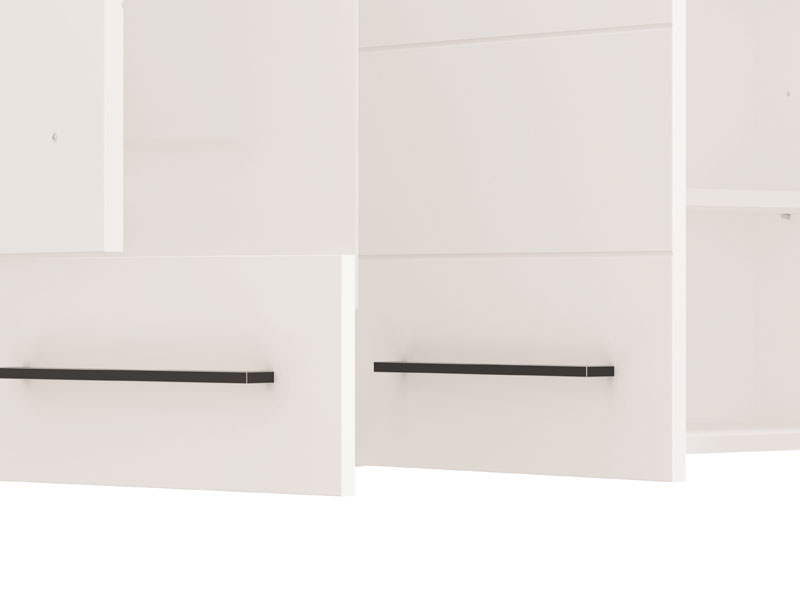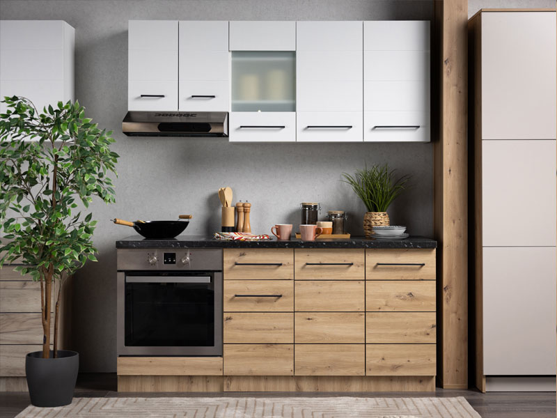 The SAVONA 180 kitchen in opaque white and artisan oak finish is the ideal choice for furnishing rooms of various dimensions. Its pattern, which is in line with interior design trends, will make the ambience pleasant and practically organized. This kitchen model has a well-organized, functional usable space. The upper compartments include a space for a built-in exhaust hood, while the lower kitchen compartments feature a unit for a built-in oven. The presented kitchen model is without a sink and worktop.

********************

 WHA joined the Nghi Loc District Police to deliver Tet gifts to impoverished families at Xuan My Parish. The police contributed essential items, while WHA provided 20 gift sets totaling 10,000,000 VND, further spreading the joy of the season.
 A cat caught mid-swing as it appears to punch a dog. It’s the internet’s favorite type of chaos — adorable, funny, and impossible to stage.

********************

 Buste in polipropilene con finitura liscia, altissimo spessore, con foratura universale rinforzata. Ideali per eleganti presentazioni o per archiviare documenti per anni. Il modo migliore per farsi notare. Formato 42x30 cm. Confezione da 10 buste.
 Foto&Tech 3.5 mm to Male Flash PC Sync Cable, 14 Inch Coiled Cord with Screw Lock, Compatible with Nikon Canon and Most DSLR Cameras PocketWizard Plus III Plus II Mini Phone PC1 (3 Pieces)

********************

## What you should do:
Using the data above, transcribe the lines that run from the line with "WHA joined the" to the line with "A cat caught", both ends kept, and output nothing else.

## Task solution:
 WHA joined the Nghi Loc District Police to deliver Tet gifts to impoverished families at Xuan My Parish. The police contributed essential items, while WHA provided 20 gift sets totaling 10,000,000 VND, further spreading the joy of the season.
 A cat caught mid-swing as it appears to punch a dog. It’s the internet’s favorite type of chaos — adorable, funny, and impossible to stage.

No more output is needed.